So, well, if this person gets into power, it's going to be the end of democracy, and it's going to be the end of the world, and there'll be World War III, and we'll all be nuclear shadows on the sewage plant wall, as opposed to, well, but if you vote for me, if you vote for me, I'm going to double your income.
I'm going to give you free stuff.
I'm going to, you know, there's just bribery and threats, bribery and threats, which goes back to bad parenting.
Sorry, Jeff, go ahead.
We already know right now that this is the last election we're ever going to have in the history.
Ever, apparently.
Both parties, both candidates agree with that for different reasons, but this is the last election.
So at least we'll never have to worry about making a decision again in the future about who represents us.
So we might be better off if that was the case.
I don't know.
But people should go out and register and vote now because This is your last chance at ever voting in an election ever again in your life.
Anyone who believes that, call me and I would like to make a bet with you.
Text me, whatever, and I'd like to bet with you that there will be subsequent elections.
So I want to know how many people will back up This claim that they're making, including Elon Musk, that there won't be another election if Trump loses.
Either way, I don't care.
I just want anyone who's making a claim that After this election, there'll never be another election.
I want to do a friendly bet with you.
I don't want to do anything illegal, but a dinner or something like that.
I want to see how many people are really willing to collateralize that bet and risk something of value to them with that statement.
Well, to defend Elon, and I don't want to speak for him, of course, I think his argument is that there will be other elections, but there'll be so many people in the country that have been imported or Incentivized in through a lot of free stuff who were going to vote for the Democrats, that it's kind of like California.
Used to be Republican, now it's, you know, almost completely Democrat and will be pretty much until the end of time.
So his argument is not that there won't be any elections at all.
His argument will be that they're importing so many people who are going to vote for the Democrats that there's no functional chance for the Republicans to win in the future.
I think that's his argument.
I heard that argument that basically we're going to, that somehow all these people we know are...
Trump is talking about how well he's doing with the Hispanic community, so he seems to be doing reasonably well with all these people that supposedly only vote Democrats.
Apparently they don't only vote Democrats.
And from what I see, long-term studies show that when people, you know, that the second and third generation, they tend to represent, they tend to be not any different than any other cohort.
So it might be true of those who are coming in now might have a tendency to be more Democratic and Republican, but their kids, but that doesn't mean their kids and grandchildren will be different.

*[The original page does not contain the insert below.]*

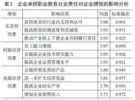 (四)企业履行职业教育社会责任对企业绩效的影响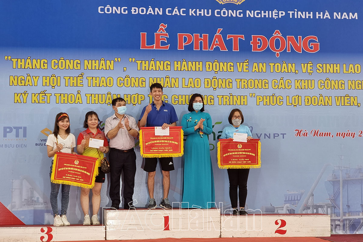 Lãnh đạo LĐLĐ tỉnh, Công đoàn các KCN tỉnh trao giải cho các đội có thành tích xuất sắc ở bộ môn chạy tiếp sức.

It doesn't mean that they'll have, you know, a permanent majority.
And I challenge Elon Musk's point of view that what made California a one-party state was illegal immigrants because California became a one-party state before there was a huge influx of illegal immigrants.
So it's just...
Well, no, but there was the amnesty...
It's a factually incorrect statement.
But there was the amnesty under Reagan.
And illegal immigrants, you know, don't vote.
You know, and that is a myth, you know, and I guess he thinks that they'll all be made legal.
But, you know, to be made legal, there needs to be, you know, the president cannot legalize illegal immigrants.
So it has to be an act of Congress.
You know, to do that, and I have not seen there to be that type of majority that the public will find accepting the fact that we're going to take 20 million people who came here illegally and we're going to all in one year make them all citizens.
You know, I doubt that that will be something that Kamala will be able to implement on her own.
And we should have better trust for the American people.
I mean, so Elon Musk's statement basically says we don't trust the American people at all.
So we got to trust an authoritarian leader, you know, rather than the American people, and that the American people are that stupid that basically, you know, all these policies will be implemented and Congress will bless all these policies and the people who do that, you know, will end up getting reelected over and over again.
I'm very skeptical of that.
Skeptical.
Ultimately, people vote their wallet.
People are not that.
There's a small group of people who will vote party no matter what, and then there's a lot of independents that will vote what they view as their self-interest, and that's including the The immigrants that come in and become assimilated and their values become not much different than anyone else's values.
So I think these statements are just untrue and there's no evidence.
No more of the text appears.